What I didn’t like about this book was–well for one–okay I’m trying to word this right. Diversity in fiction is important, but it’s also important that it’s not just a checklist. Caine wrote a book where all the characters with depth, purpose, and every other synonym for real was white and straight. She then filled all these, what felt like quotas, with not even secondary characters, but the equivalent of film extras. Just little details on skin color or gender that let the reader know she included diversity in the book but that it didn’t matter. These characters were either plot devices (and not real humans) or posters.

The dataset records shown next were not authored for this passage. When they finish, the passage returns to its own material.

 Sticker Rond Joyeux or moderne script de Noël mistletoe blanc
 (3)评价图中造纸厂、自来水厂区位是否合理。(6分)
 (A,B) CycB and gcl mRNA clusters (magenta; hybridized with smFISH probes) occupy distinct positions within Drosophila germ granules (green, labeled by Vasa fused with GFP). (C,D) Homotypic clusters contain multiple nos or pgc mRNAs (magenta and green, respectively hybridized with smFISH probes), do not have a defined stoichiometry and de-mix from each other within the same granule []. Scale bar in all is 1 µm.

For example off the top of my head I can think of two black characters in this book. Mike, who we know served in the military, served in the FBI, and is Sam’s friend (nothing else) and a nameless paramedic who I don’t even think has a line but Caine made sure to tell us he’s black. There’s an Indian family that owns a nice bed and breakfast. There’s the transwoman who worked for Absalom, her daughter turns out to be gay, and then there’s Javier (who is by far the deepest, but even he only serves as a gun to protect Gina’s kids in this book).

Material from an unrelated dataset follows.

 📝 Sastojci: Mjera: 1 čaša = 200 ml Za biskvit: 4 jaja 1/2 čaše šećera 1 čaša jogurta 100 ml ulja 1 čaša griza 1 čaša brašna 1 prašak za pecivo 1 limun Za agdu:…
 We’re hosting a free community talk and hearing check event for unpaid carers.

If that paragraph is too bulky, the tl;dr is diversity is important and this book may have treated it like a checklist.
The other thing I wasn’t too big of a fan of were the multiple points of view. I know people have different opinions on this, but it held the story back, and made it longer than it had to be. Again, as I mentioned earlier this will contain spoilers so take this as a second warning. Gwen got caught by Absalom later on in a hotel room. Gina spent the whole book convinced law enforcement couldn’t help her but all she did was make the situation worse. The only thing she did to help catch Melvin was get caught so Sam and Mike could save the day (but she killed her husband to make it seem like she was proactive protagonist we were led to believe she is).
Okay, I feel like I’m rambling. I’ll try and sum it up all at once right here. Despite a lot of action, the protagonist was still reactionary and ultimately got lucky. What saves this book is the writing in some sections, the engaging twists, and the thoguhtfulness of the criminal enterprise.